La Federazione nazionale degli ordini dei medici chirurghi e degli odontoiatri indica chiaramente che l’eventuale diritto riconosciuto per legge alla richiesta di suicidio assistito dovrebbe essere affidato ad un team di clinici e medici legali. Va da sé che si tratterà di specialisti del settore, formati ad affrontare temi legati al fine vita e al morire con dignità, che abbiano competenza nella comunicazione con il malato grave, disabile, cronico, terminale. Soltanto colleghi preparati in questo settore possono prendersi carico dei malati che richiedono un aiuto al suicidio in quanto saranno gli unici in grado di poter analizzare in modo corretto, che tenga conto di tutti i valori in gioco, le istanze del malato e verificarne l’applicabilità alla legge. Lo stesso medico legale dovrà avere competenza ed esperienza nelle questioni riguardanti il fine vita e le patologie che pongono problemi di dignità del vivere e del morire.
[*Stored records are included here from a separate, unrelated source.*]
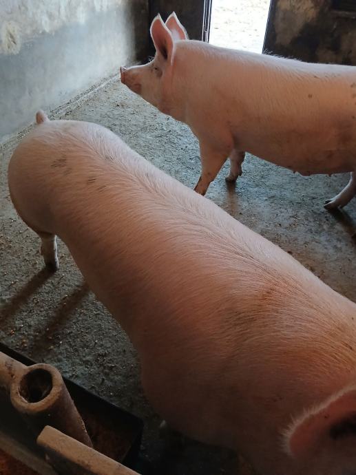Prodaju se dvije velike svinje oko 240 kg težine, stare jednu godinu, hranjene domaćom hranom bez koncentrata i smjesa. Idealne su za izradu kobasica i drugih suhomesnatih proizvoda. Svinje su uzgojene za vlastite potrebe, borave u zidanom objektu u koji nemogu ulaziti glodavci (štakori i miševi). Po dogovoru, mogućnost obrade u polovice.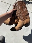 These vintage Tony Lama leather cowboy boots are a true gem for any western enthusiast. The dark brown and tan color combination, along with the men's size 9 fit, make them a perfect addition to any cowboy's wardrobe. The boots' outsole and upper material are both made of high-quality leather, ensuring both durability and style. The boots' brand, department, type, and model are all Tony Lama, men's, boots, and 1980s respectively. Their style is western, with a cowboy theme, and they were manufactured in the United States. These boots are perfect for anyone looking to add a touch of vintage style to their wardrobe.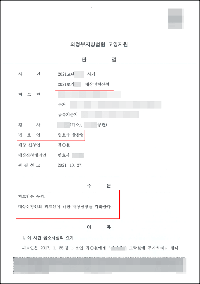 의뢰인은 '무죄'를 선고받았습니다.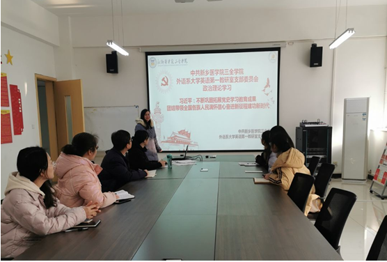 大英一教研室主任党支部的学习由书记温弘主持。党员老师在研读材料后表示集中学习教育有期限,践行初心使命无穷期。党员老师们表示要认真总结这次党史学习教育的成功经验,建立常态化、长效化制度机制,不断巩固拓展党史学习教育成果。支部书记温弘老师提出了自己的看法,她说,作为教师,我们需要承担的最重要的职责就是为国家尽可能多地培养可堪大用能担重任的栋梁之才,但是,打铁还需自身硬。只有自己先学以致用、用以促学、学用相长,才能使自己主导的实践成为正确的而不是盲目的实践,成为系统的而不是零碎的实践,成为有科学根据的而不是想当然的实践。教师需自身源源不断注入新的知识与新的能量,成为一条奔腾不息的河流,与时俱进,这样才能帮助学生“用知识缝制铠甲,用努力成就未来”。
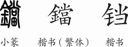 还读作dānɡ,用在“锒铛”中,指锁系囚人的刑具铁锁链。如“锒铛入狱”。由链子引申指女子的耳饰。用作象声词,指打击金属发出的声音。

Le linee guida dovrebbero prevedere: il dovere di una corretta informazione, di un confronto dialogico in cui tutte le possibili cure e alternative vengano considerate e discusse a fondo col malato, la capacità del paziente di argomentare le proprie scelte di suicidio e di sostenerle a fronte di tutte le obiezioni poste, la presenza di una patologia che oggettivamente determini le condizioni che il paziente riferisce ed argomenta e la ferma persistenza nel desiderio di non prolungare ulteriormente la propria esistenza non percepita più come vita. Una tale sequenza di passaggi può certamente orientare l’equipe di medici chiamati a valutare la richiesta di suicidio assistito.
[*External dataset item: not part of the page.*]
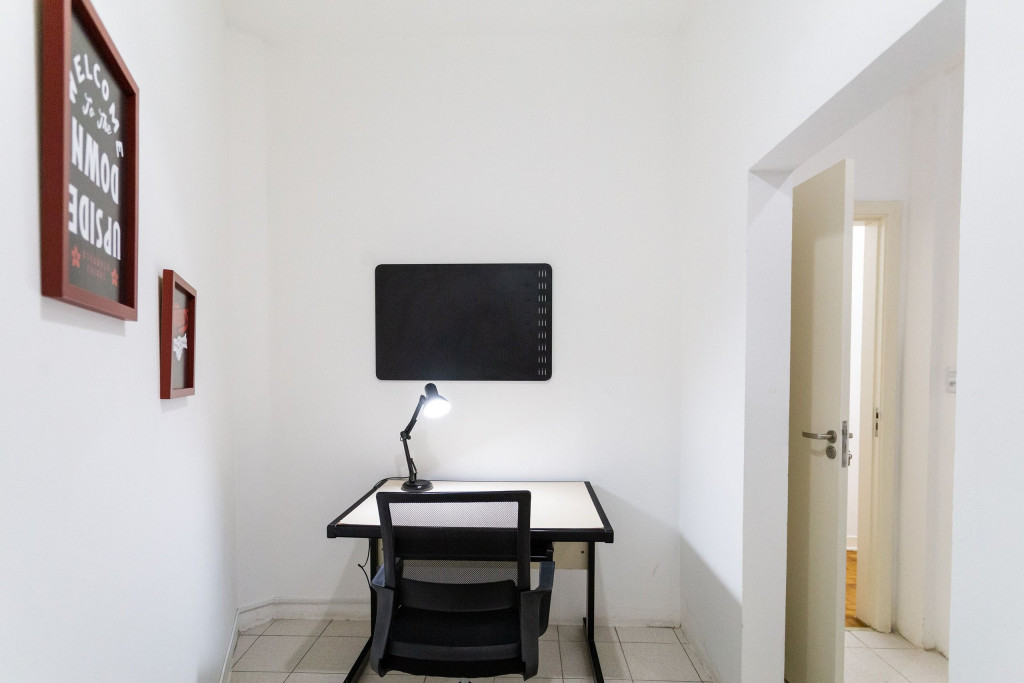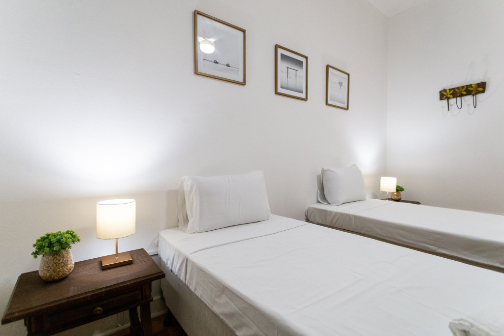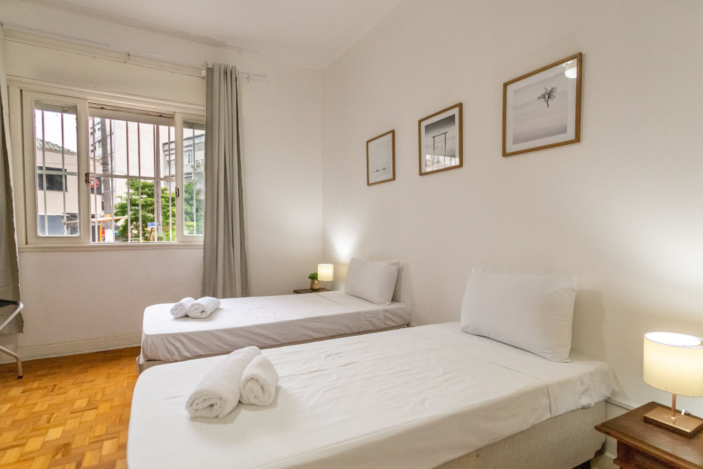 Seguindo pelo corredor, temos os quartos, sendo um com cama queen e outro com duas camas de solteiro, o banheiro em comum e uma sala com escrivaninha para fazer home office. Cada quarto possui um aquecedor elétrico a óleo para maior conforto nos dias frios.

La Federazione nazionale degli ordini dei medici chirurghi e degli odontoiatri non chiarisce cosa debba accadere a fronte del possibile accoglimento del diritto di un paziente ad ottenere il suicidio assistito, dato che pone ai medici il solo compito di definire l’idoneità delle condizioni cliniche del paziente. I paesi che hanno maturato esperienza in questo campo documentano diversi modi per aiutare il paziente a suicidarsi, tra cui anche farmaci che il malato può assumere in piena autonomia nel momento in cui decide di farlo. Va da sé che, pur mantenendo fermo il princìpio per cui sia il malato a somministrarsi il mezzo letale in piena autonomia decisionale ed attuativa, nel momento in cui la decisione riguardo il momento in cui farlo venga condivisa con il medico, è inimmaginabile che il curante stesso non si senta impegnato con il proprio paziente – col quale ha condiviso tutti i dolorosi passaggi che lo hanno portato alla decisione finale – nel dovergli assicurare l’eventuale assistenza – anche solo di vicinanza – che si dovesse rendere necessaria. Ciò al fine di non abbandonare il paziente assicurandogli di morire con dignità assistito non solo dagli affetti ma anche dal medico a cui si è affidato. Anche perché solo il medico è in grado di proporre metodi di suicidio efficaci e non traumatizzanti o dolorosi.

Va da sé, e lo ribadisco, che non tutti i medici potranno assumere questo ruolo, ma soltanto coloro in grado, per formazione ed esperienza, di dialogare sul bene vita e sulla morte con pazienti in condizioni di estrema difficoltà esistenziale. Ed essendo ormai palese che in futuro vi saranno sempre più pazienti che, per l’età avanzata raggiunta con le relative patologie associate o per la possibilità di

ritardare il momento della morte grazie alle tecnologie avanzate a disposizione, potranno chiedere aiuto per ovviare ad esistenze divenute intollerabili, non appare più procrastinabile l’istituzione presso i corsi di laurea in medicina e chirurgia e nelle professioni sanitarie di corsi di insegnamento in comunicazione medico-paziente al fine dello sviluppo di una formazione culturale e universitaria sul rapporto medico-malato, medico-morte come, peraltro, richiesto anche dal Consiglio d’Europa già nel 1999.